§ **The records**
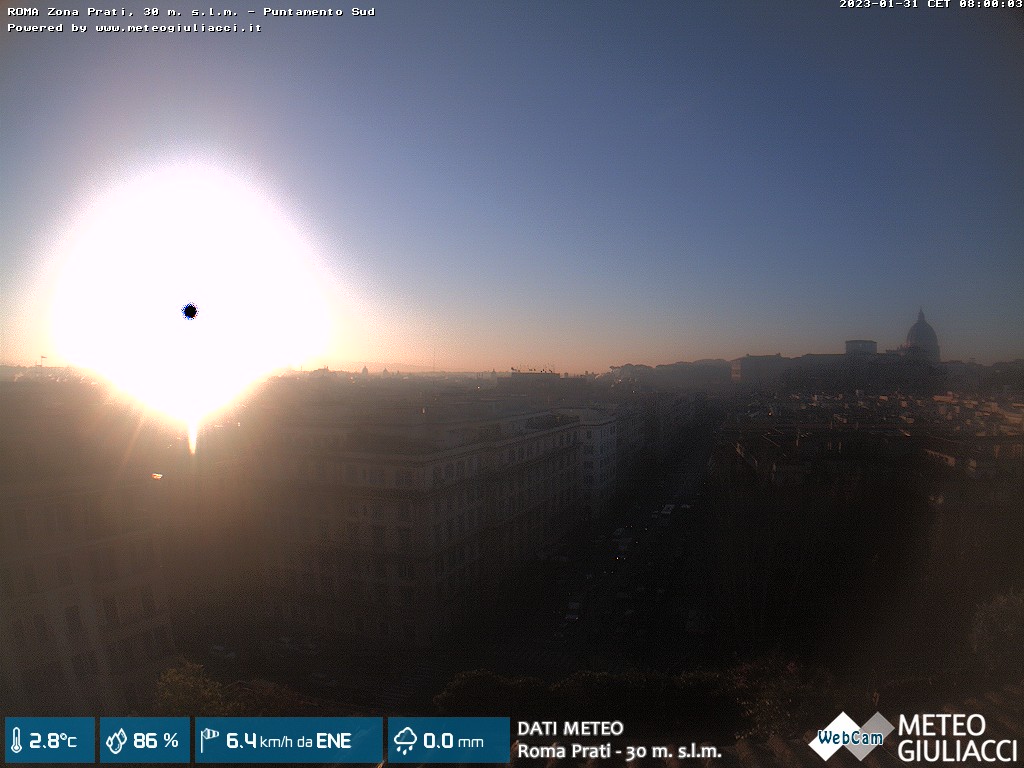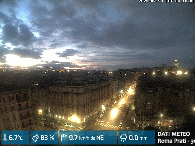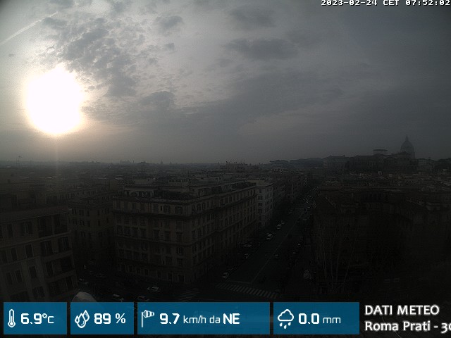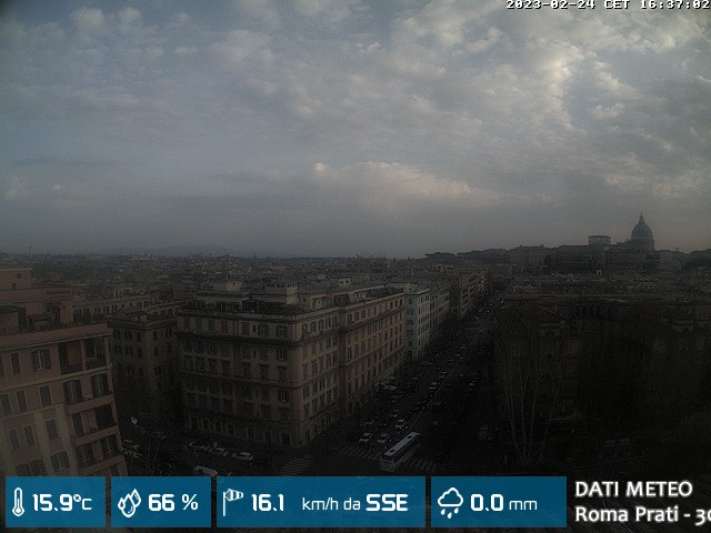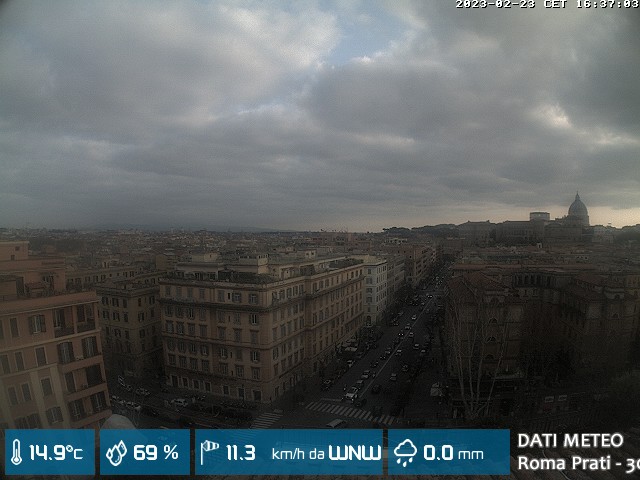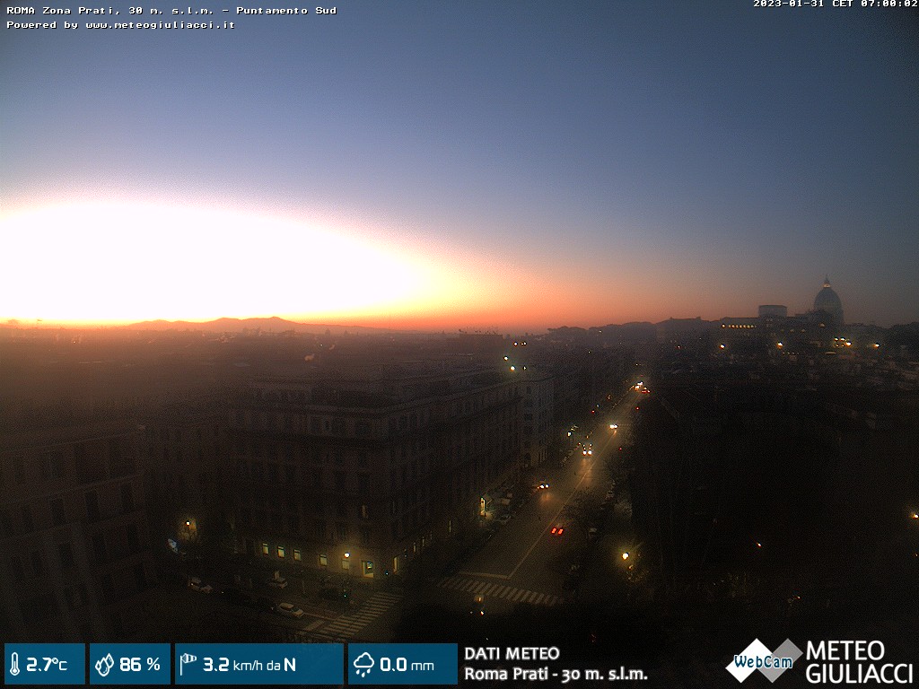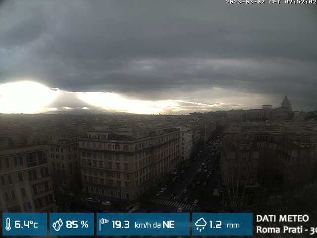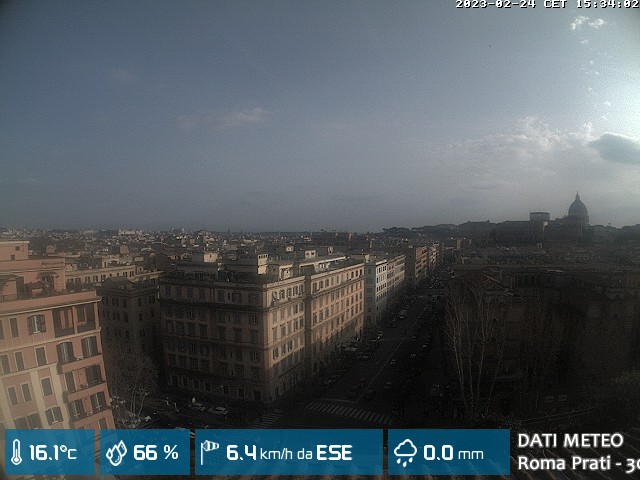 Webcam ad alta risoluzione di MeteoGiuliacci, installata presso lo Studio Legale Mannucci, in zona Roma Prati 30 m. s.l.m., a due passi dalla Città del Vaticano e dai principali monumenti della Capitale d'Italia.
==
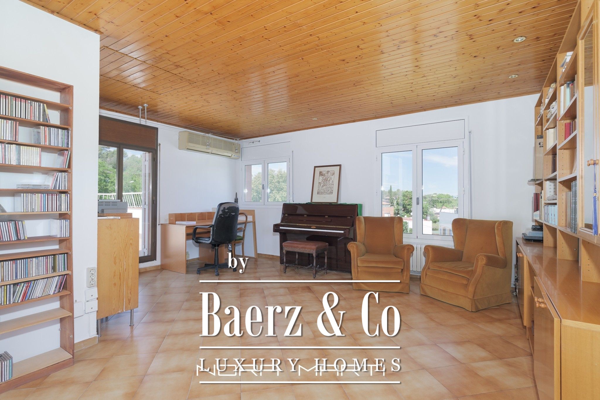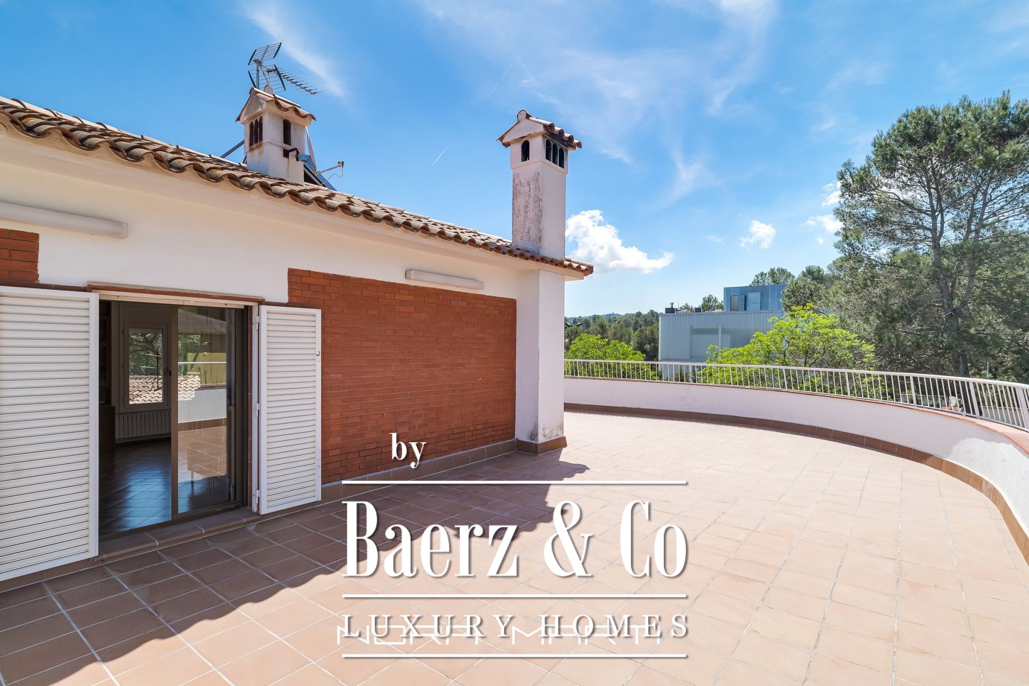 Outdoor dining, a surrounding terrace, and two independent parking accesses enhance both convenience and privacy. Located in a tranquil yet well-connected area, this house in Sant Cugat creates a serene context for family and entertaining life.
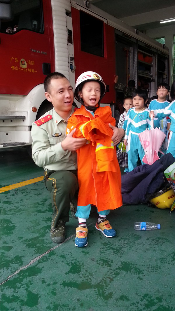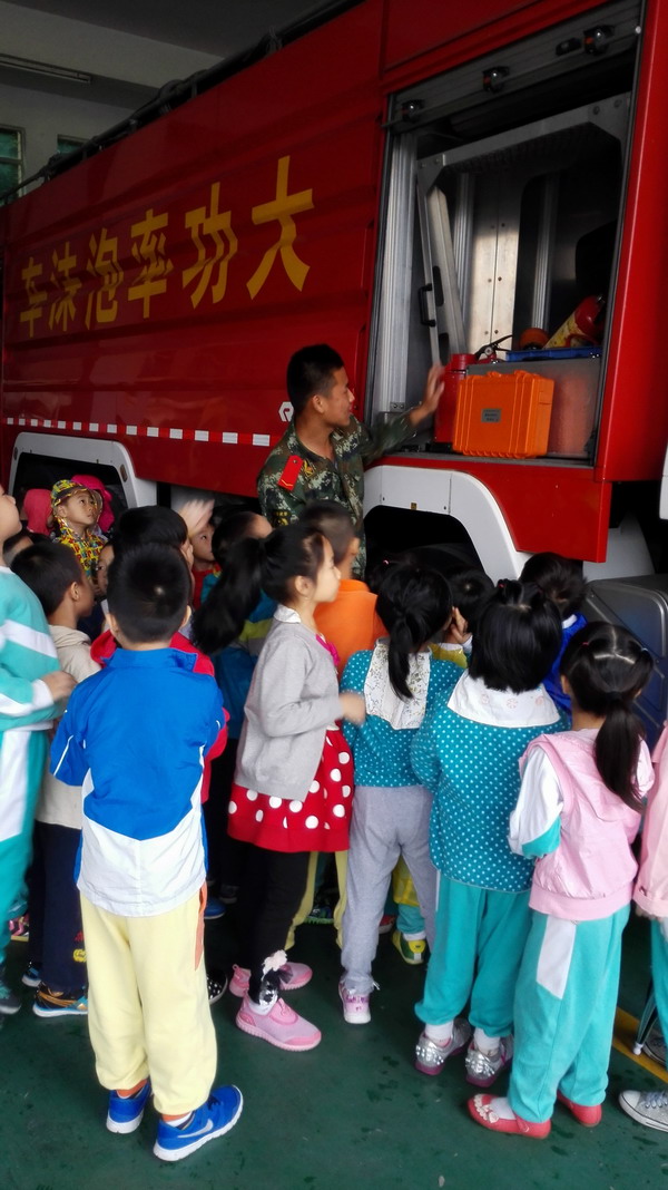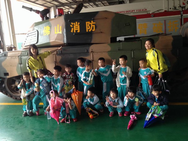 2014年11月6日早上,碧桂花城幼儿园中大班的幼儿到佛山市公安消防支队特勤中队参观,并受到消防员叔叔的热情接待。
--
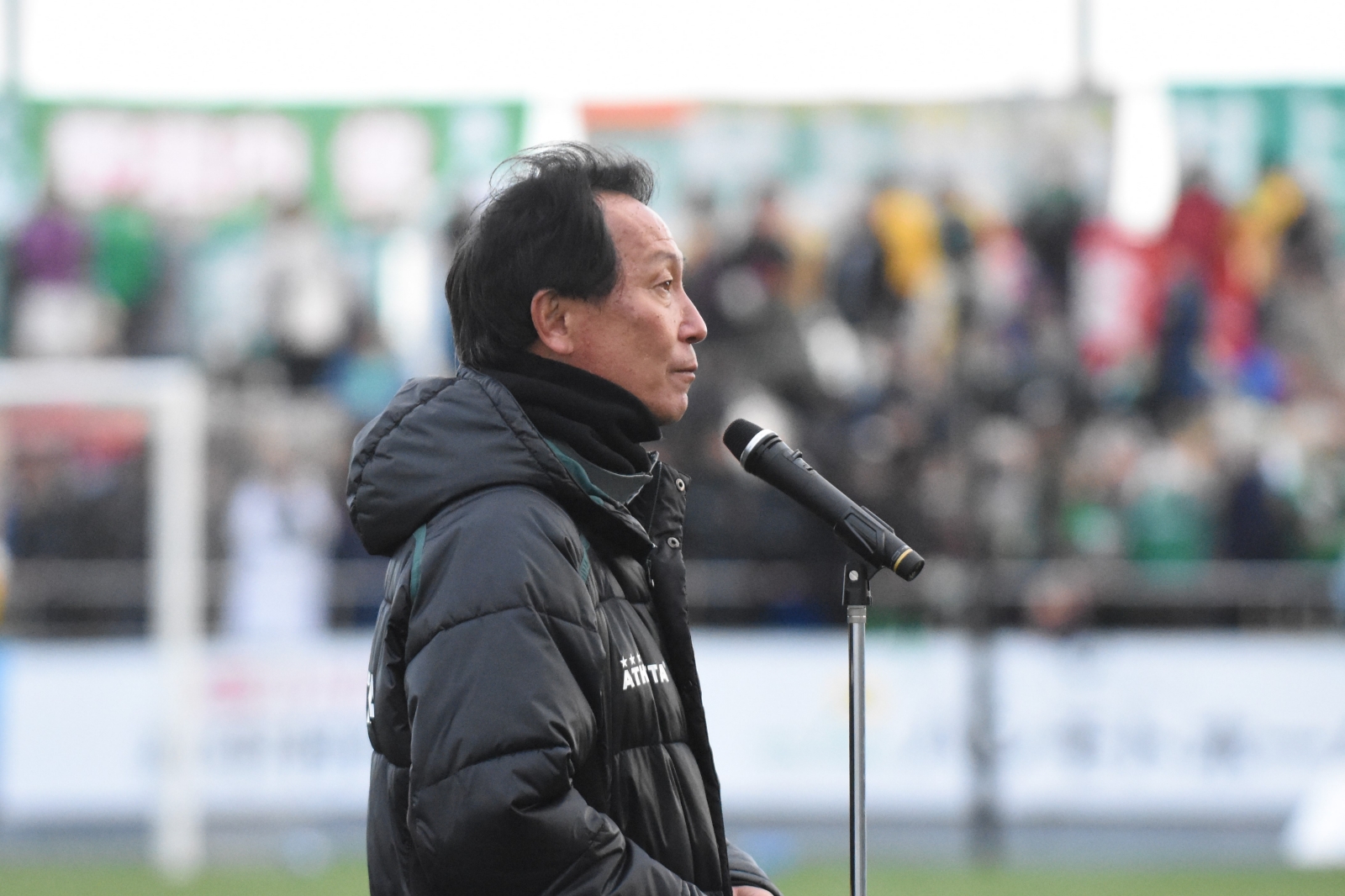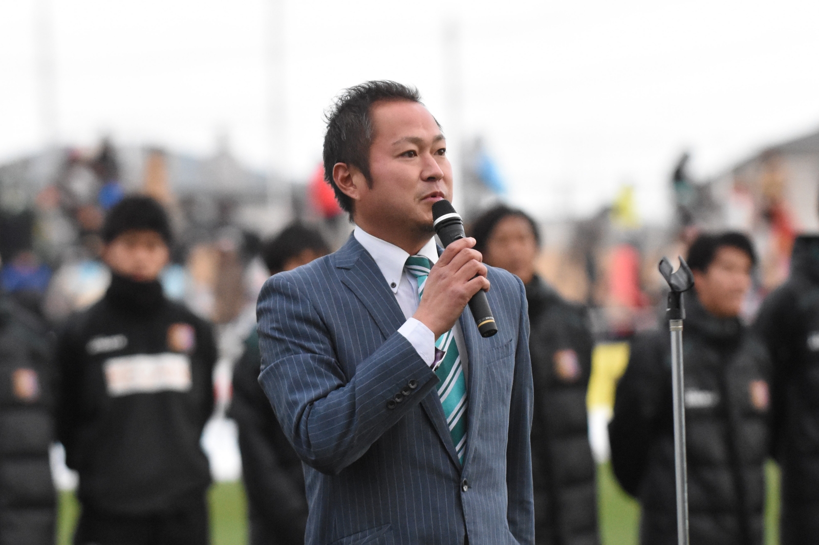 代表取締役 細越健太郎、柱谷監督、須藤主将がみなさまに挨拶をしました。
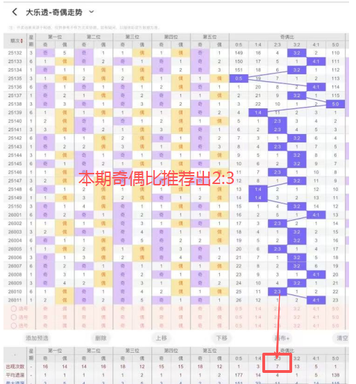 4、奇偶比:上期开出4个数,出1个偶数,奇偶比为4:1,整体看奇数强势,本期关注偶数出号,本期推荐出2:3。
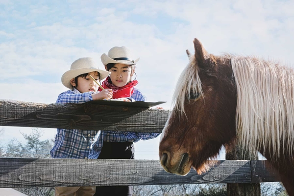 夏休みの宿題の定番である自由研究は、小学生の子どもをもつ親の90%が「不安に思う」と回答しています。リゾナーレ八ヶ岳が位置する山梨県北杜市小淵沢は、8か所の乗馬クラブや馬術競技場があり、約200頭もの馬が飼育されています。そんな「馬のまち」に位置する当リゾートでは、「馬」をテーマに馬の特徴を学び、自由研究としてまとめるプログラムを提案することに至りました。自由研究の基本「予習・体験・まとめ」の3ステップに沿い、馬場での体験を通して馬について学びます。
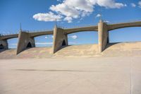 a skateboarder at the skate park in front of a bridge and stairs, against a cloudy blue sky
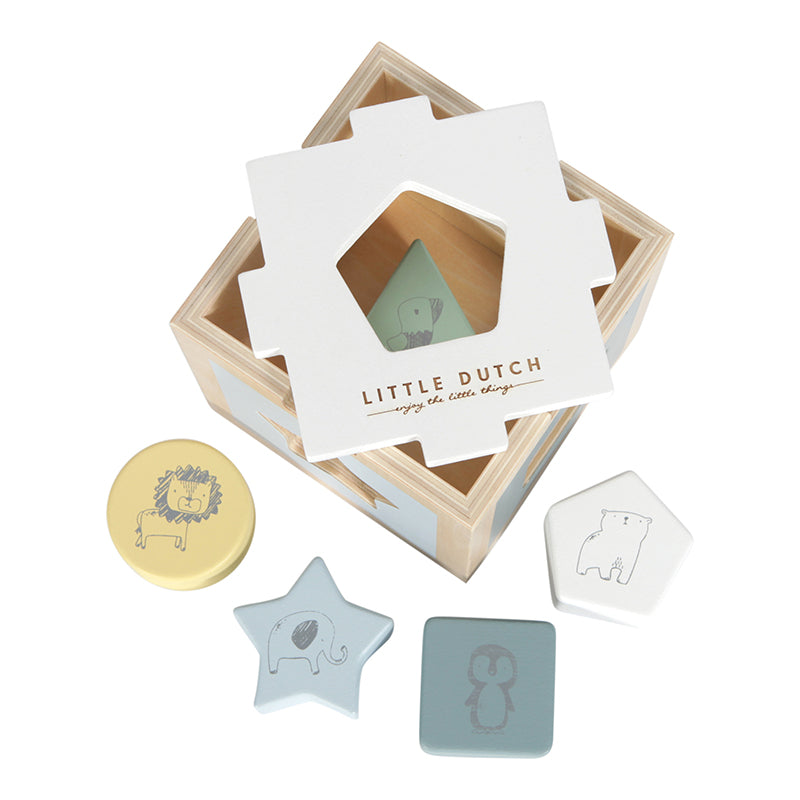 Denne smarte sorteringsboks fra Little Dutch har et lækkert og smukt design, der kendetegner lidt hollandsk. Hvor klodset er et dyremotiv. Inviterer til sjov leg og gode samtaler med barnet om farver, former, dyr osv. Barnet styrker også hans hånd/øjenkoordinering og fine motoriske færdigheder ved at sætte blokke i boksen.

§ **Assignment**
What is needed is an exact copy of the lines above, from the one holding "4、奇偶比:上期开出4个数,出1个偶数,奇偶比为4:1,整体看奇数强势,本期关注偶数出号,本期推荐出2:3。" down to the one holding "a skateboarder at", with those two included and the pictures left out.

§ **Exercise answer**
 4、奇偶比:上期开出4个数,出1个偶数,奇偶比为4:1,整体看奇数强势,本期关注偶数出号,本期推荐出2:3。
 夏休みの宿題の定番である自由研究は、小学生の子どもをもつ親の90%が「不安に思う」と回答しています。リゾナーレ八ヶ岳が位置する山梨県北杜市小淵沢は、8か所の乗馬クラブや馬術競技場があり、約200頭もの馬が飼育されています。そんな「馬のまち」に位置する当リゾートでは、「馬」をテーマに馬の特徴を学び、自由研究としてまとめるプログラムを提案することに至りました。自由研究の基本「予習・体験・まとめ」の3ステップに沿い、馬場での体験を通して馬について学びます。
 a skateboarder at the skate park in front of a bridge and stairs, against a cloudy blue sky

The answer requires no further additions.